The eps (epsilon) parameter defines the maximum distance between two points for one to be considered as a neighbor of the other. This means that points within this radius of a core point belong to the same cluster. Choosing an appropriate eps value is crucial, as a very small eps may lead to too many small clusters, while a very large eps could merge distinct clusters into one.

The min_samples parameter determines the minimum number of data points required to form a dense region. If a point has at least min_samples neighbors within the eps radius, it is classified as a core point. If a point falls within the eps radius of a core point but does not meet the min_samples threshold itself, it is classified as a border point. Any point that is neither a core point nor a border point is labeled as noise or an outlier.

How DBSCAN Groups Data Points

DBSCAN operates by identifying core points and expanding clusters around them. It groups together closely packed points (or clusters) based on density and marks low-density points as outliers (or noise). The process follows these steps:

Select an unvisited point and check if it has at least min_samples neighbors within the eps radius.
If it does, this point becomes a core point, and a new cluster is formed around it.
Expand the cluster by adding all directly reachable points within eps. If any of these points are also core points, their neighbors are added as well.
Continue expanding until no more points meet the density criteria.
Move to the next unvisited point and repeat the process.
Classify remaining points as border points (part of a cluster but not core points) or noise (outliers that do not belong to any cluster).

Example Implementation of DBSCAN

In this implementation:

eps=0.3: Defines how close points should be to be considered neighbors.
min_samples=5: Sets the minimum number of points required to form a dense region.
fit_predict(X): Assigns a cluster label to each data point.

After applying DBSCAN, the data points are assigned labels. If two points belong to the same cluster, they will have the same label in y_db. Points identified as outliers will be labeled as -1 and remain unclustered.

The resulting scatter plot visually represents how DBSCAN has identified two moon-shaped clusters. Unlike K-Means, which assumes spherical clusters, DBSCAN is able to detect arbitrary-shaped clusters effectively.
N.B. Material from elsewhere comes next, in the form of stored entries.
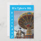 Imagem de um brinquedo de balanço em um parque de diversões na frente. Detalhes da festa no verso.
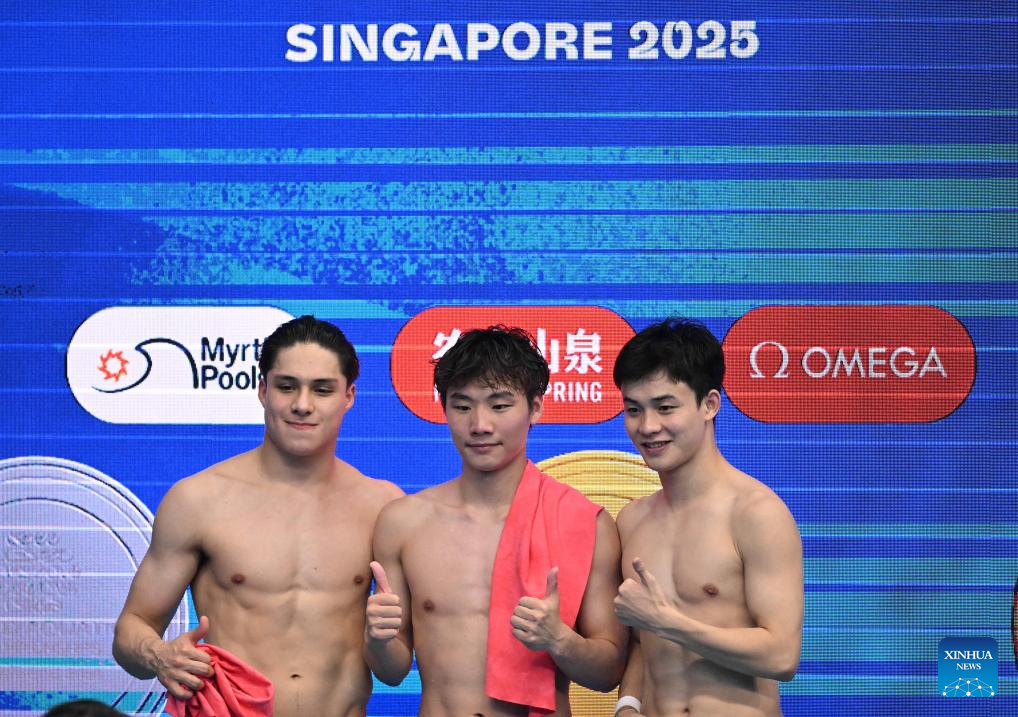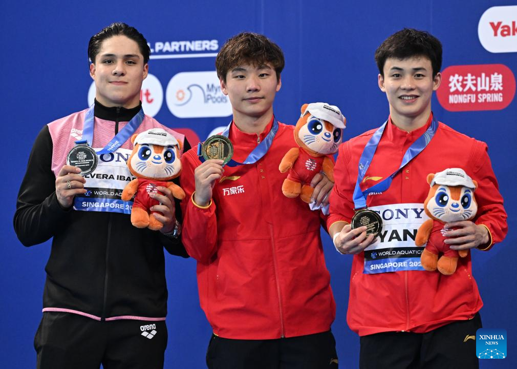 SINGAPUR, 27 julio, 2025 (Xinhua) -- El medallista de oro, Zheng Jiuyuan (c), de China, el medallista de plata, Osmar Olvera Ibarra (i), de México y el medallista de bronce, Yan Siyu, de China, posan para fotografías durante la ceremonia de premiación del trampolín 1m masculino de clavados en el Campeonato Mundial de Deportes Acuáticos, en Singapur, el 27 de julio de 2025. (Xinhua/Xue Yuge)
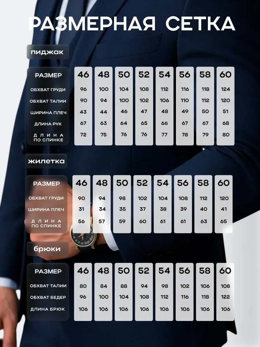 Комплект включает приталенный пиджак, офисные брюки и жилет, которые создают гармоничный и завершённый образ. Пиджак подчёркивает фигуру, обеспечивая комфорт в движении, брюки идеально сочетаются с верхней частью, а жилет добавляет изысканности.
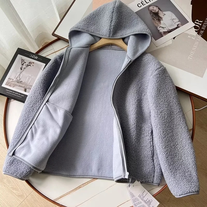 包邮~羊羔绒外套女短款摇粒绒拉链上衣2025秋冬新款加绒连帽开衫
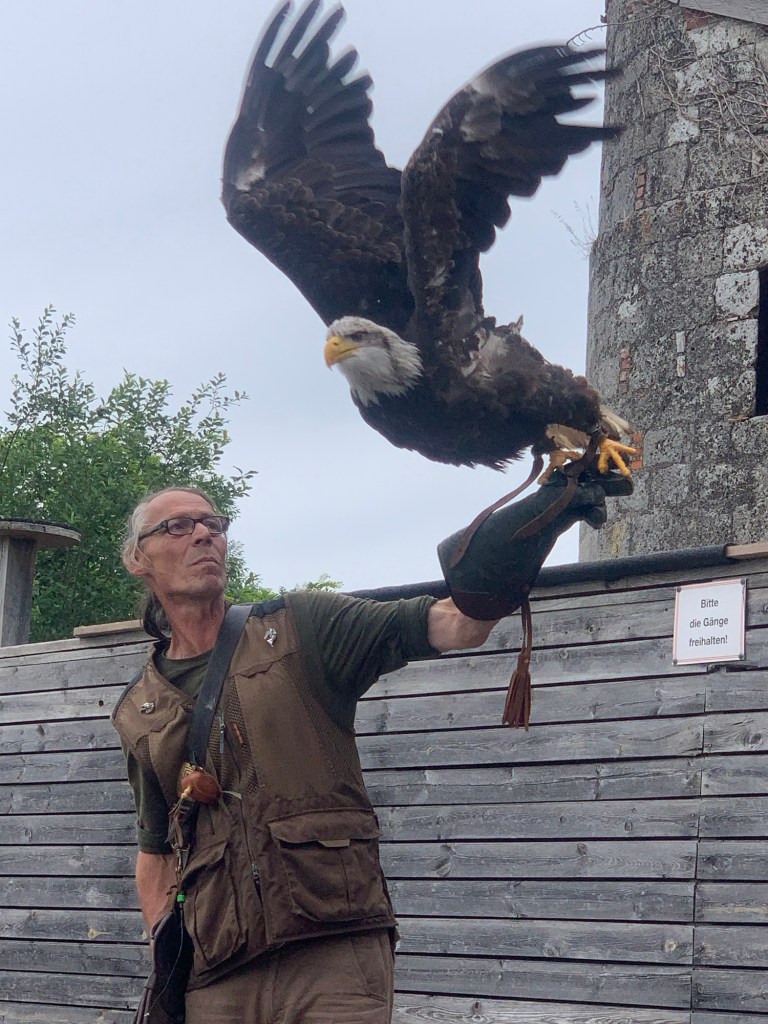 Nach unserem Besuch in der Dinowelt sind wir nur einen Katzensprung zum Falkner Obernberg gefahren. Dank des Navis fand ich einen kostenlosen Parkplatz für das Auto. Als wir drinnen waren, konnten wir verschiedene Greif- und Raubvögel fotografieren. Um 15 Uhr gab es eine Flugvorführung, bei der wir rund um den Park gingen und den Kräutergarten besichtigten. Wir stiegen auch auf den Turm und genossen den atemberaubenden Panoramablick auf den riesigen Fluss Inn. Anschließend besuchten wir ein sehr schönes Café, wo wir Cappuccino und Kuchen tranken.
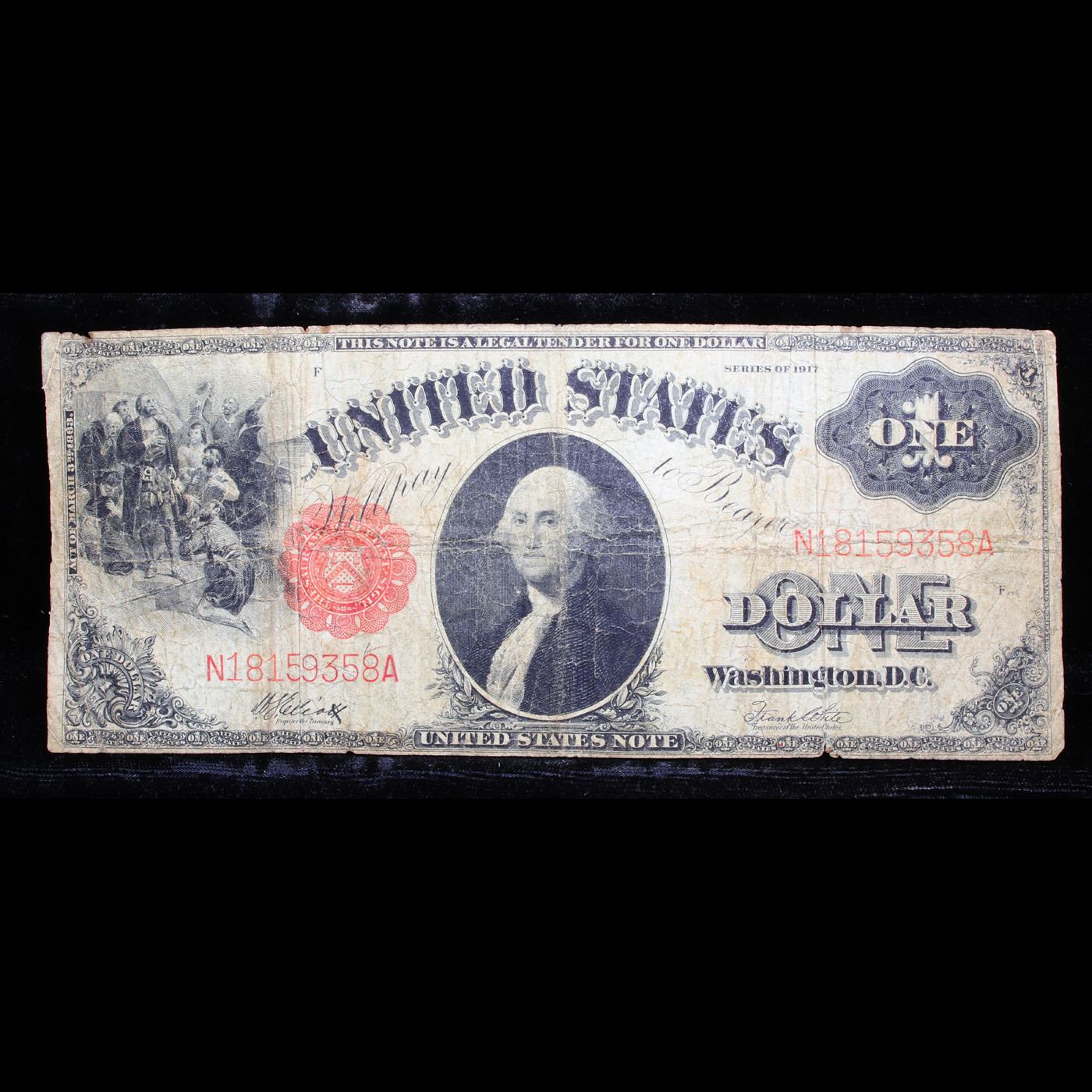 1917 $1 Legal Tender, Signatures of Elliott & White, FR-38 Grades f, fine. 1917 $1 Legal Tender, Signatures of Speelman & White, FR-38. This 1917 $1 note is the last large-sized legal tender bank note ever issued. It's referred to as a "Horseblanket Note," due to their large size. The obverse features Washington and a vignette of Columbus sighting America. The reverse shows a "sawhorse" design. Add in the bright red seal and serial numbers and you've got a miniature work of art.
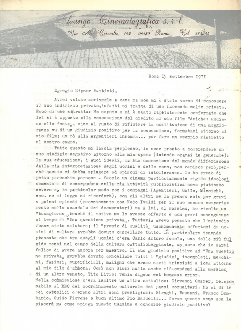 Lettera di Giorgio Trentin, della Langa Cinematografica srl, a Silvano Battisti

plt.scatter(X[y_db == 0, 0], X[y_db == 0, 1],
            c='lightblue', marker='o', s=40,
            edgecolor='black', 
            label='cluster 1')
plt.scatter(X[y_db == 1, 0], X[y_db == 1, 1],
            c='red', marker='s', s=40,
            edgecolor='black', 
            label='cluster 2')
plt.legend()
plt.show()

Screenshot of Python code for plotting scatter plots with Matplotlib. The code defines two clusters with different colors and markers, adds a legend, and displays the plot. - lunartech.ai

Scatter plot showing two clusters: Cluster 1 with green circles forming a curve on top and Cluster 2 with red squares forming a curve below. Image Source: The Author

The resulting plot will show two moon-shaped clusters in green and red colors, demonstrating that DBSCAN successfully identified and separated the two interleaved half circles.